#### Assignment:
What is needed is an exact copy of every line from the one containing "速鼎家!葡萄妈同款增高6cm时髦皮带扣方圆头褶皱中筒骑士靴女秋" through the end of the entries; please set it down without any pictures.

[Stored items]
==================================================
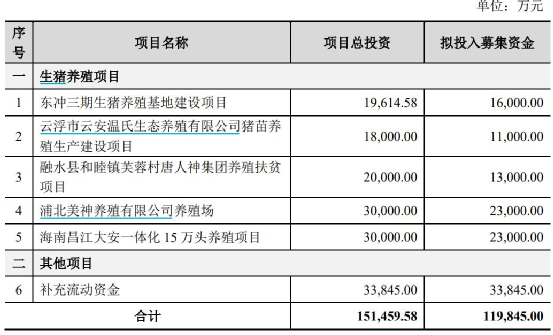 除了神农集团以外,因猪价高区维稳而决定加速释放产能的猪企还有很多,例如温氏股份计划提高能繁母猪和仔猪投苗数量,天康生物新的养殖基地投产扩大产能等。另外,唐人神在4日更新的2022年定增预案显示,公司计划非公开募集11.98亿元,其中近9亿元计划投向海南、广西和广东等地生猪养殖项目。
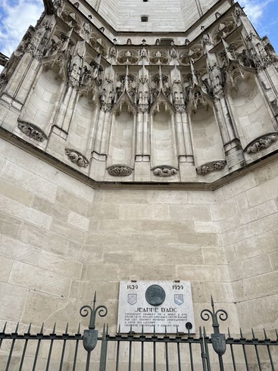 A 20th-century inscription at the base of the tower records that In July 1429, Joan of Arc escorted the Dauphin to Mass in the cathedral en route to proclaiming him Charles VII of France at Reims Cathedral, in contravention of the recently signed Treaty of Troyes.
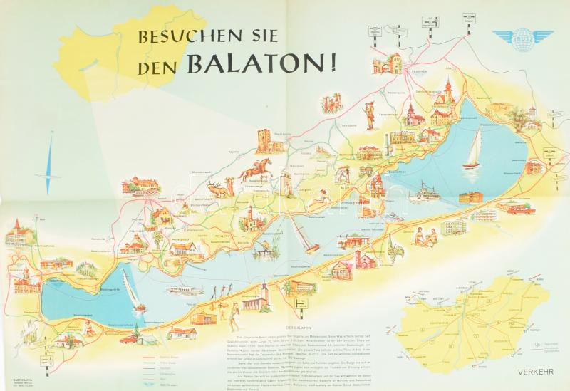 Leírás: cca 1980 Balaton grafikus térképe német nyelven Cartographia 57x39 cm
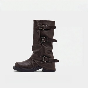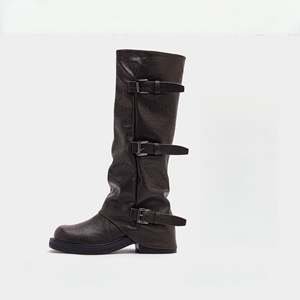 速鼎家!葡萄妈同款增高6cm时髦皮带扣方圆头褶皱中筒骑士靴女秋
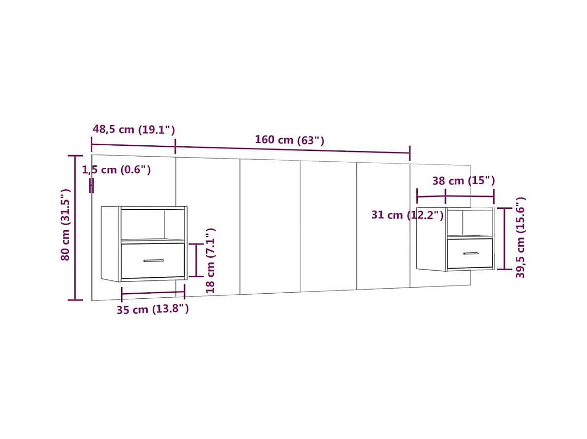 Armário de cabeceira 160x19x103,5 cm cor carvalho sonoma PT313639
==================================================
#### Answer to this problem:
 速鼎家!葡萄妈同款增高6cm时髦皮带扣方圆头褶皱中筒骑士靴女秋
 Armário de cabeceira 160x19x103,5 cm cor carvalho sonoma PT313639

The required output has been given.